START Material for this exercise
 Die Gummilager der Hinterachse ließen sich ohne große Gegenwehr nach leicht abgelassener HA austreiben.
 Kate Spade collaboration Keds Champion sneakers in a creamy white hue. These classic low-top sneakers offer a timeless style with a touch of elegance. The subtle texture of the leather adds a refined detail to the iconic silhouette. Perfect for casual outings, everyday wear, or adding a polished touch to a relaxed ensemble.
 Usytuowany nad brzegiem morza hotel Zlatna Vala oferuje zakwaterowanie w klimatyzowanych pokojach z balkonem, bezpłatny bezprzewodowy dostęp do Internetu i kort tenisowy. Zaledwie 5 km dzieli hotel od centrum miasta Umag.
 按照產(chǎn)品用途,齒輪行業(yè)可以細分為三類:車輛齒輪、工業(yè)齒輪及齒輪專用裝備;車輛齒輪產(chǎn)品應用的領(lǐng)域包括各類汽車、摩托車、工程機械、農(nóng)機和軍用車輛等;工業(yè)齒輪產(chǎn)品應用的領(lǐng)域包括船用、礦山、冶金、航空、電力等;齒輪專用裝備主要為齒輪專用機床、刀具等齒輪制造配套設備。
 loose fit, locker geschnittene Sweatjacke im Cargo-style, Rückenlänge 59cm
END Material for this exercise
START Material for this exercise
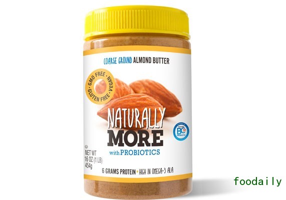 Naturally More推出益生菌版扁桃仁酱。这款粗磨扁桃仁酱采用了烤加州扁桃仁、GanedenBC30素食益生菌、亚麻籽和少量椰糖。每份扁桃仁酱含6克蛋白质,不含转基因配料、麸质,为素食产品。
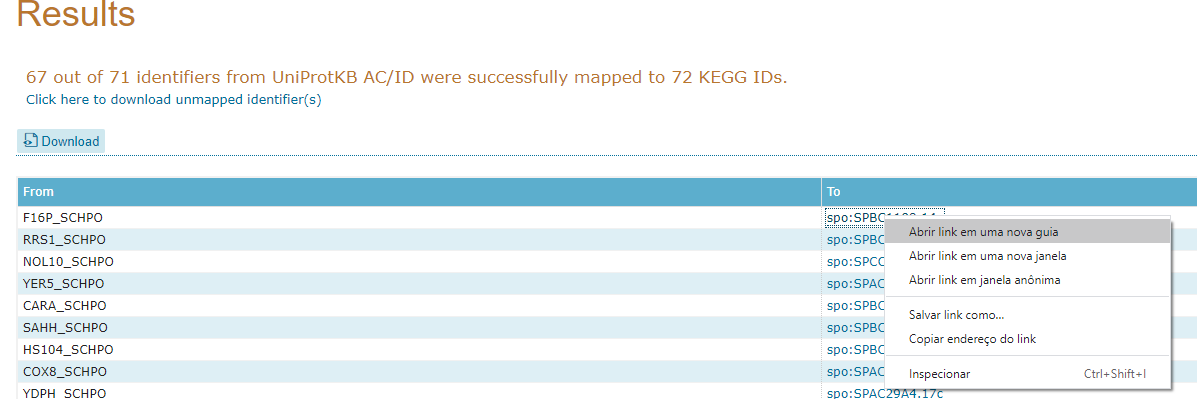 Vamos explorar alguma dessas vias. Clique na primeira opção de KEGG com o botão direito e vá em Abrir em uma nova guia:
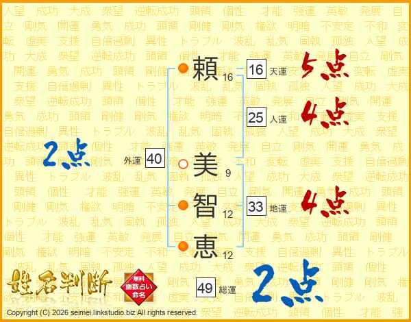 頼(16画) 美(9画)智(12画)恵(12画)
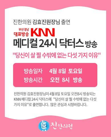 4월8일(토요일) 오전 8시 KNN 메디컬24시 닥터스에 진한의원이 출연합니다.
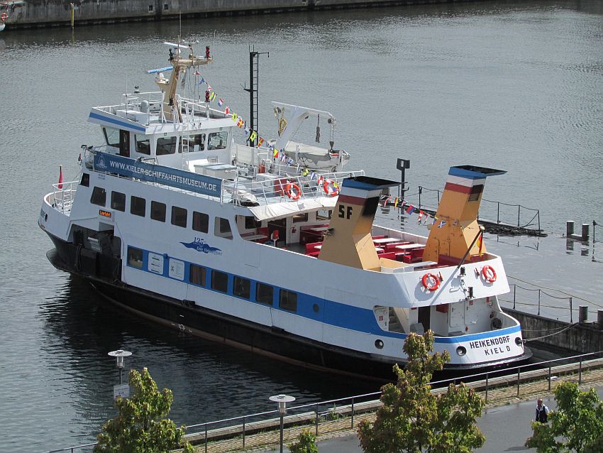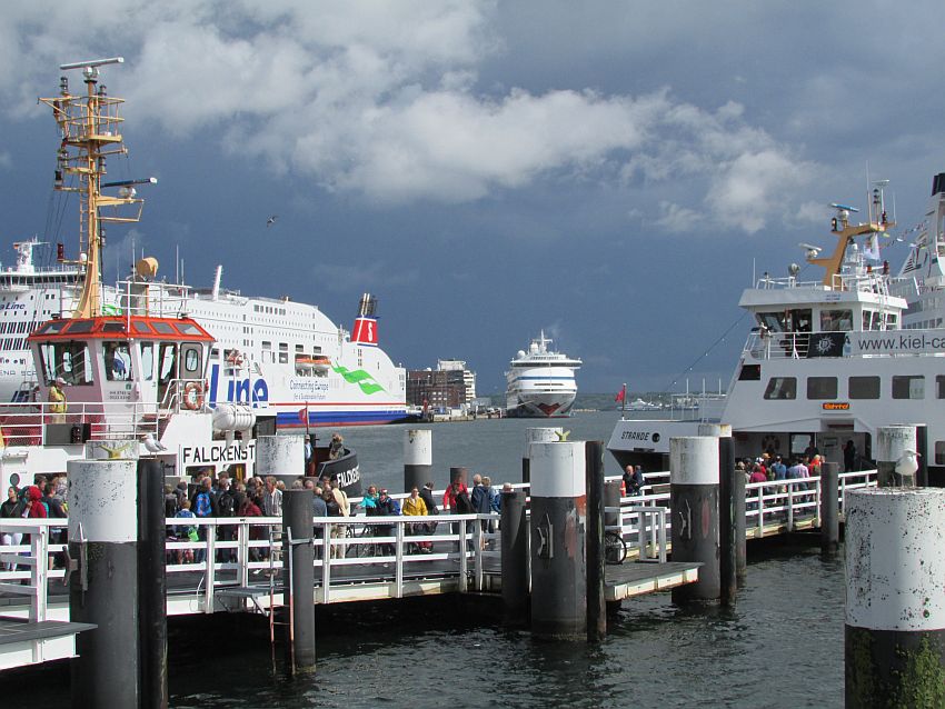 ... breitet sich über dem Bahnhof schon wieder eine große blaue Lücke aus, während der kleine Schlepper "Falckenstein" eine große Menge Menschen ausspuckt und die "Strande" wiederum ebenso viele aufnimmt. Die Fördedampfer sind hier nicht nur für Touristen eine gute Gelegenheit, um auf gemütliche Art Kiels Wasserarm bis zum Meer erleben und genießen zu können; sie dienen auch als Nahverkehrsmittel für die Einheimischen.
END Material for this exercise
**Exercise goal**
The lines above from the one containing "Die Gummilager der" through the one containing "loose fit, locker" are to be set down exactly, and no others.

**Exercise result**
 Die Gummilager der Hinterachse ließen sich ohne große Gegenwehr nach leicht abgelassener HA austreiben.
 Kate Spade collaboration Keds Champion sneakers in a creamy white hue. These classic low-top sneakers offer a timeless style with a touch of elegance. The subtle texture of the leather adds a refined detail to the iconic silhouette. Perfect for casual outings, everyday wear, or adding a polished touch to a relaxed ensemble.
 Usytuowany nad brzegiem morza hotel Zlatna Vala oferuje zakwaterowanie w klimatyzowanych pokojach z balkonem, bezpłatny bezprzewodowy dostęp do Internetu i kort tenisowy. Zaledwie 5 km dzieli hotel od centrum miasta Umag.
 按照產(chǎn)品用途,齒輪行業(yè)可以細分為三類:車輛齒輪、工業(yè)齒輪及齒輪專用裝備;車輛齒輪產(chǎn)品應用的領(lǐng)域包括各類汽車、摩托車、工程機械、農(nóng)機和軍用車輛等;工業(yè)齒輪產(chǎn)品應用的領(lǐng)域包括船用、礦山、冶金、航空、電力等;齒輪專用裝備主要為齒輪專用機床、刀具等齒輪制造配套設備。
 loose fit, locker geschnittene Sweatjacke im Cargo-style, Rückenlänge 59cm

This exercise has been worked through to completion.